The task
Exactly as they appear below, repeat the lines from the one with "Evenimentul rutier putea" through the one with "恭喜以上玩家获得奖励,请各位". Drop every picture.

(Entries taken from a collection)
-- -- --
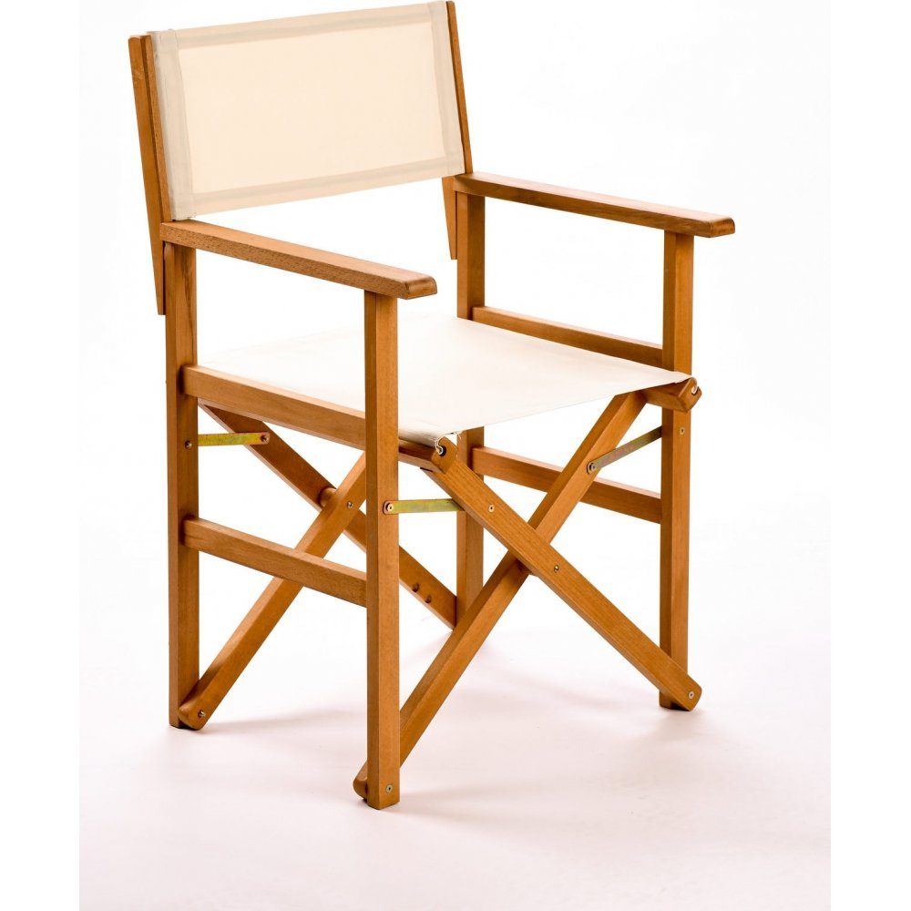 Sammenleggbar stol laget av bøketre med polyestertrekk.
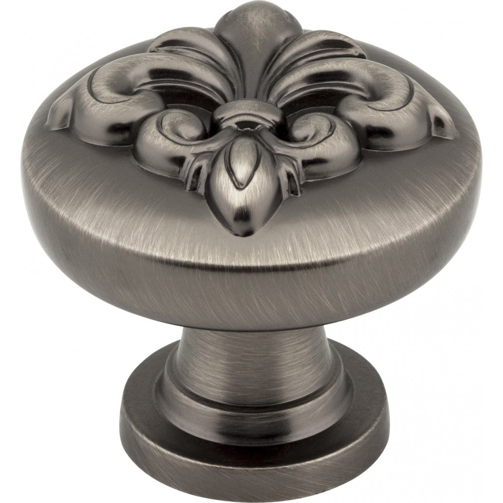 - 1-3/8" Overall Length Raised Fleur-de-lis Cabinet Knob. Packaged with one 8-32 x 1" and 1-3/4" Break-away screw. Finish: Brushed Pewter
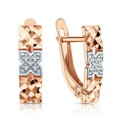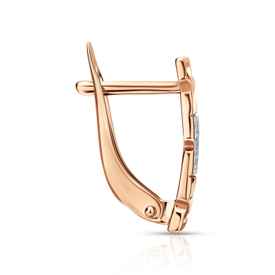 Серьги с 10 бриллиантами природными, 0.02 карат, огранка круг 17 граней, цвет 2, чистота 2, тип огранки А; Розовое золото 585 пробы.
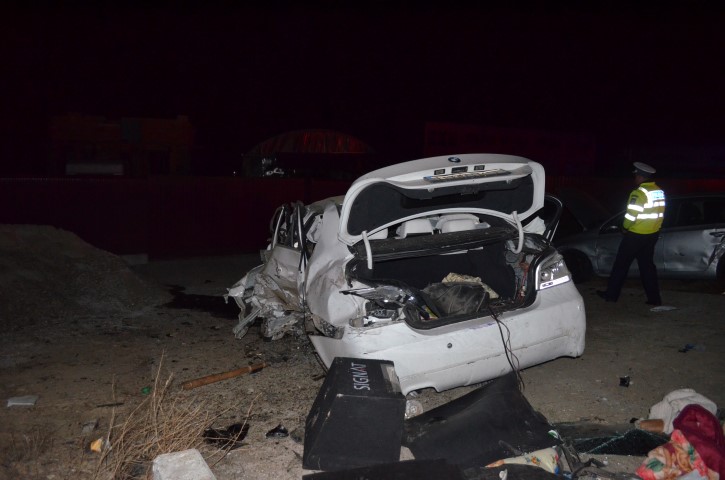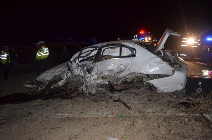 Evenimentul rutier putea fi observat în negura nopții de la sute de metri depărtare. Aproape de locul în care se aflau două dintre mașinile implicate în accidentul grav ce s-a petrecut la ieșirea din Huțani, nu se distingea mai nimic. Tabloul complet era cu mulțime de polițiști și pompieri, mașini cu semnale luminoase aprinse și trei ambulanțe răsfirate pe o distanță de aproximativ 150 de metri.
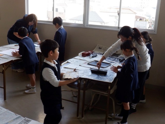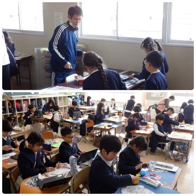 上から1組・2組・3組の学習のようすです。1組・3組図工の学習は紙版画。思い通りの作品になったかな。参観の際にぜひご覧ください。
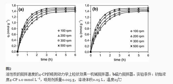 可以看出,吸附速率受攪拌速度的影響很大 - 吸附速率隨攪拌速度顯著增加。隨著攪拌速率從100rpm增加到500rpm,k 2值分別從0.577增加到1.264g mmol -1 h -1(機械攪拌器)和0.560-1.231g mmol -1 h -1(磁力攪拌器)。在相同的攪拌速度下,機械攪拌器和磁力攪拌器之間的差異沒有統(tǒng)計學意義(p > 0.05)。隨著攪拌速度的提高,4-CP分子從大塊液體向活性炭顆粒周圍的液體邊界層擴散的速率變得更高,這是因為紊流的增強和液體厚度的減小邊界層。隨著攪拌速度的增加,吸附劑顆粒破碎的程度增加,這種效果可能會進一步增強。在這些研究中,試驗前和試驗后的吸附劑的顆粒大小沒有測定,但在4-CP的吸附動力學的活性炭的粒子大小的影響是有據(jù)可查的。還描述了攪拌速度吸附率的增加為堿性染料的吸附上活性白土[ 6 ]以及乙酸,吡蟲啉和4-氯苯酚在活性炭上。
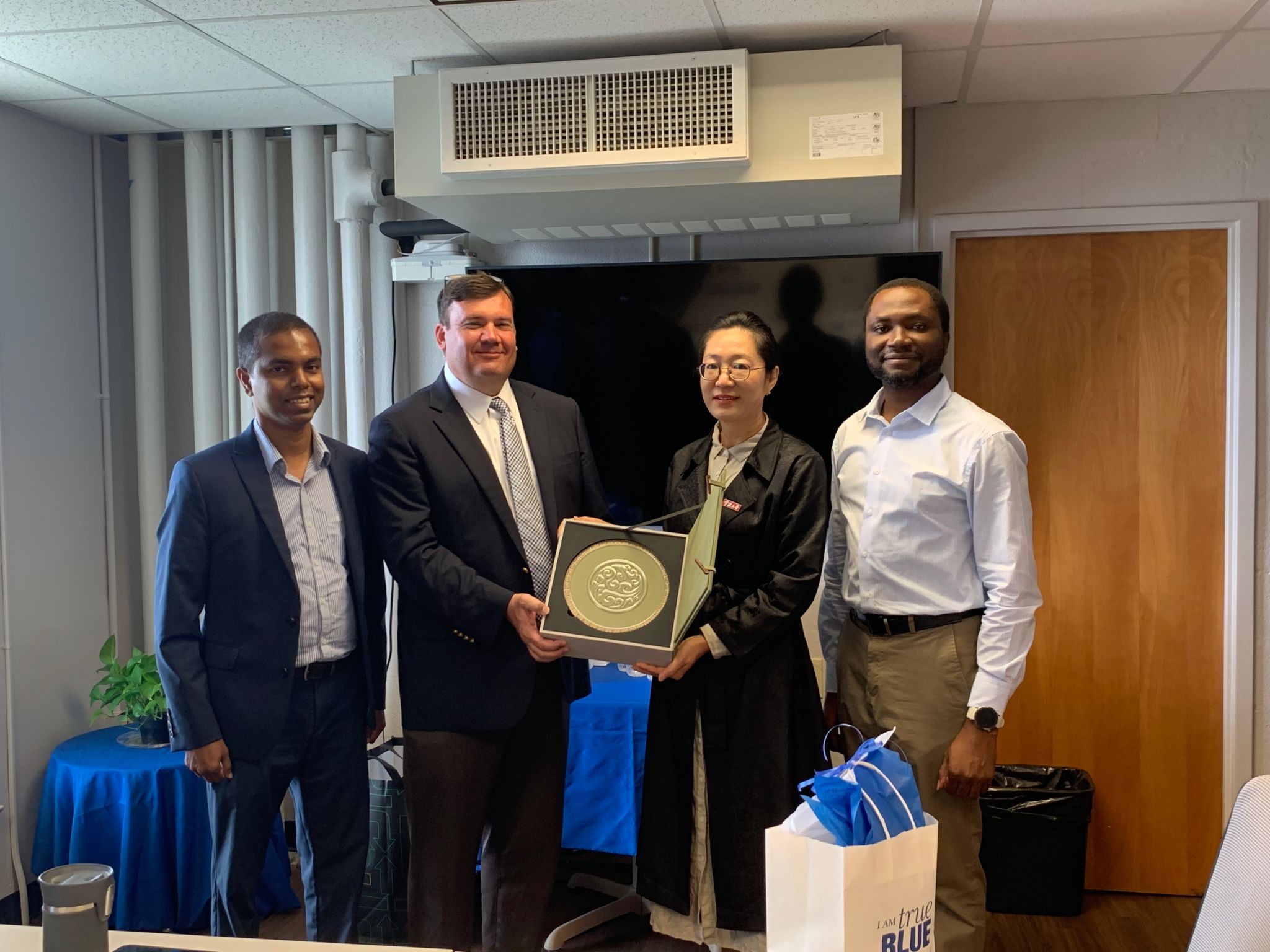 5月10日下午,代表团一行与留在中田纳西州立大学的部分学生进行座谈交流,周青了解学生在美的学习、生活和未来升学及就业等情况,勉励在美学子不断努力取得更好成绩。最后,周青向学生赠送宁大特色纪念品,充分展现了母校关怀。
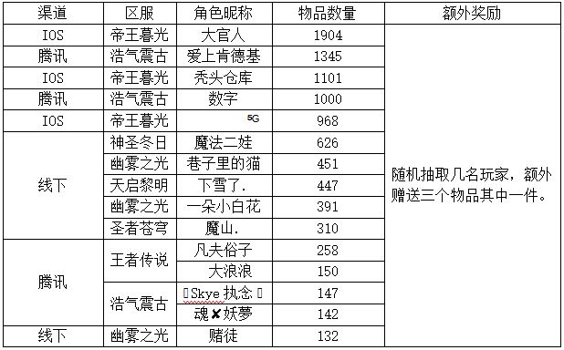 恭喜以上玩家获得奖励,请各位玩家注意查收官方邮箱系统消息,我们将在活动结束后7个工作日内发放奖励。再次感谢大家的参与和支持。
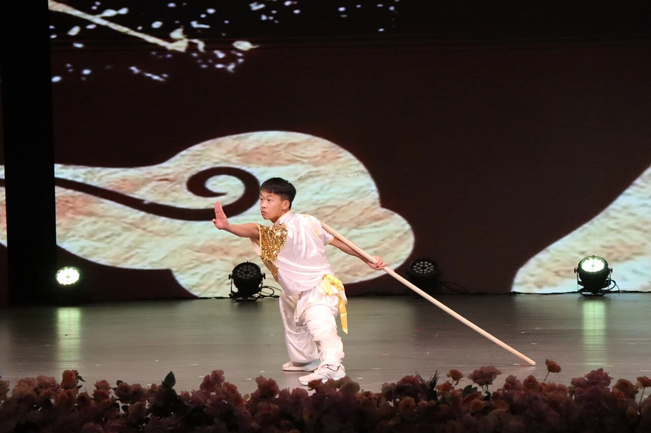 晚会节目精彩纷呈,高潮迭起。新生达人秀《仁心艺彩》融合武术、美声、魔术等多种表演形式,刚劲有力的武术招式,刀棍与空气碰撞的哗然声紧紧抓住观众的眼球;高亢悠扬的唱腔婉转绵长,赋予舞台以深沉的情感张力;魔术表演以趣味互动铺陈悬念,魔术师灵动笔触在黑板间定格“幸福”二字,既暗藏巧思,又呼应新生开启校园新生活的美好愿景,瞬间点燃全场热情。艺术团模礼队《半阙江南》将传统风韵与现代审美完美交融,旗袍的温婉与中山服的俊朗相映成趣,一步一韵、一颦一笑尽显东方雅韵。相声《我要策划》以诙谐包袱调侃校园日常,“上课困怎么办” 的趣味互动让台下笑声与掌声此起彼伏;医学一系、二系联合呈现的情景朗诵《白袍青春》,通过实验室钻研、急救实操等场景再现医学生日常,尾声 “健康所系,性命相托” 的铮铮誓言铿锵有力,成为晚会一大亮点。
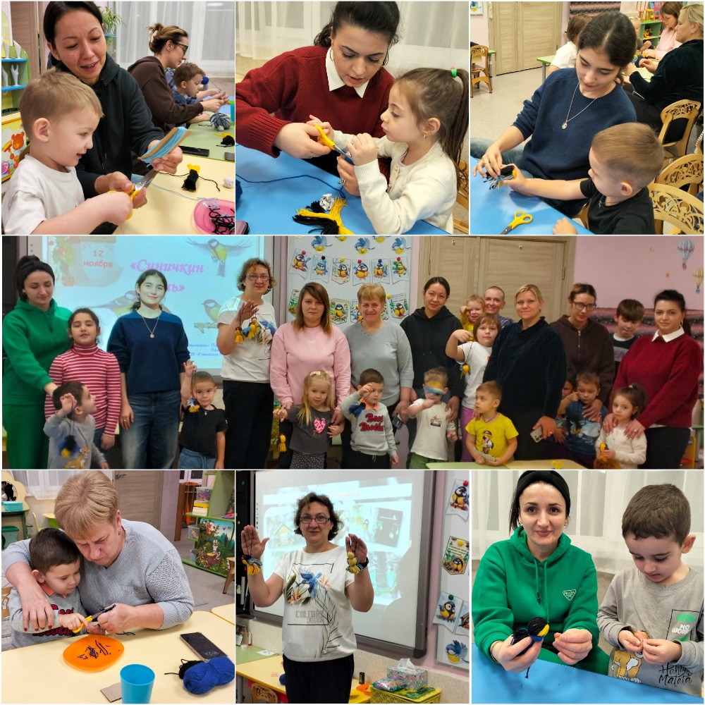 А вечером воспитанников и их родителей ждал мастер-класс по совместному изготовлению синичек из пряжи «Птичка-невеличка веселая Синичка». Перед началом работы вниманию присутствующих была представлена презентация с материалом об истоках происхождения данного праздника, природных приметах с ним связанных. Родителям и детям напомнили о необходимости заботиться о птицах в зимний период, о корме, которым можно их кормить.
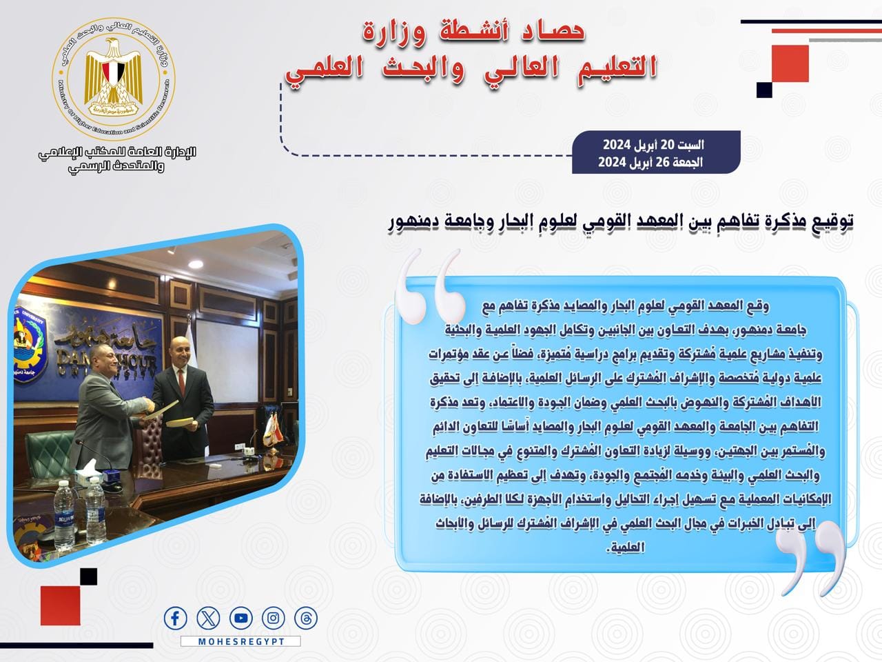 أصدرت الإدارة العامة للمكتب الإعلامي والمتحدث الرسمي لوزارة التعليم العالي والبحث العلمي تقريراً حول أداء أنشطة الوزارة خلال أسبوع في الفترة من 20 أبريل وحتى 26 أبريل وكان على النحو الآتي:
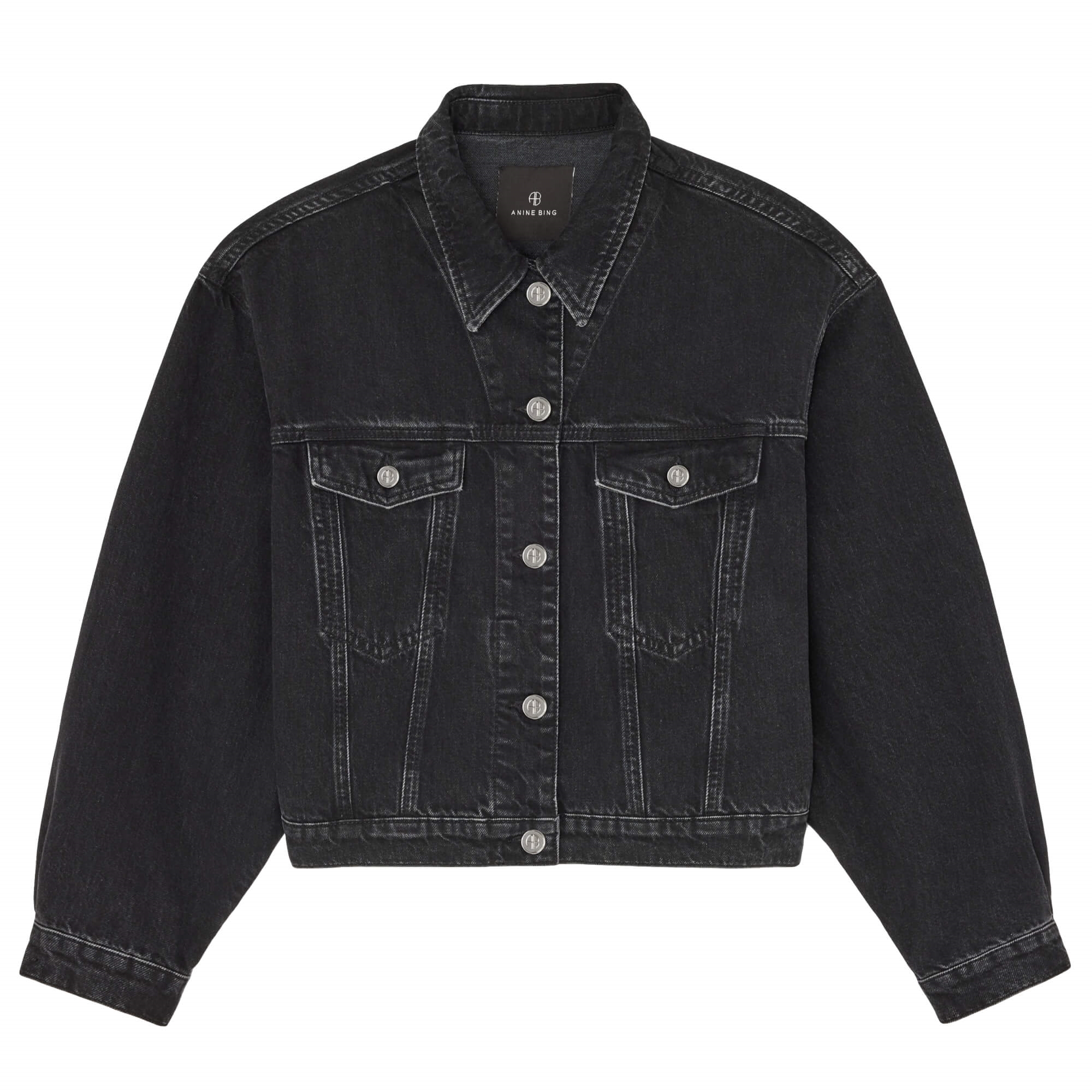 Quincy Jakke fra Anine Bing er en denimjakke i kraftig denim med et vintage-inspireret udtryk. Jakken har skjortekrave, lange ærmer og knaplukning samt brystlommer og synlige syninger. Den er udført i en vasket sort farve, som giver jakken et råt og enkelt look og gør den nem at style til hverdagsbrug. Jakken har et cropped fit med en lige silhuet. Normal i størrelsen.
-- -- --
Result for this exercise
 Evenimentul rutier putea fi observat în negura nopții de la sute de metri depărtare. Aproape de locul în care se aflau două dintre mașinile implicate în accidentul grav ce s-a petrecut la ieșirea din Huțani, nu se distingea mai nimic. Tabloul complet era cu mulțime de polițiști și pompieri, mașini cu semnale luminoase aprinse și trei ambulanțe răsfirate pe o distanță de aproximativ 150 de metri.
 上から1組・2組・3組の学習のようすです。1組・3組図工の学習は紙版画。思い通りの作品になったかな。参観の際にぜひご覧ください。
 可以看出,吸附速率受攪拌速度的影響很大 - 吸附速率隨攪拌速度顯著增加。隨著攪拌速率從100rpm增加到500rpm,k 2值分別從0.577增加到1.264g mmol -1 h -1(機械攪拌器)和0.560-1.231g mmol -1 h -1(磁力攪拌器)。在相同的攪拌速度下,機械攪拌器和磁力攪拌器之間的差異沒有統(tǒng)計學意義(p > 0.05)。隨著攪拌速度的提高,4-CP分子從大塊液體向活性炭顆粒周圍的液體邊界層擴散的速率變得更高,這是因為紊流的增強和液體厚度的減小邊界層。隨著攪拌速度的增加,吸附劑顆粒破碎的程度增加,這種效果可能會進一步增強。在這些研究中,試驗前和試驗后的吸附劑的顆粒大小沒有測定,但在4-CP的吸附動力學的活性炭的粒子大小的影響是有據(jù)可查的。還描述了攪拌速度吸附率的增加為堿性染料的吸附上活性白土[ 6 ]以及乙酸,吡蟲啉和4-氯苯酚在活性炭上。
 5月10日下午,代表团一行与留在中田纳西州立大学的部分学生进行座谈交流,周青了解学生在美的学习、生活和未来升学及就业等情况,勉励在美学子不断努力取得更好成绩。最后,周青向学生赠送宁大特色纪念品,充分展现了母校关怀。
 恭喜以上玩家获得奖励,请各位玩家注意查收官方邮箱系统消息,我们将在活动结束后7个工作日内发放奖励。再次感谢大家的参与和支持。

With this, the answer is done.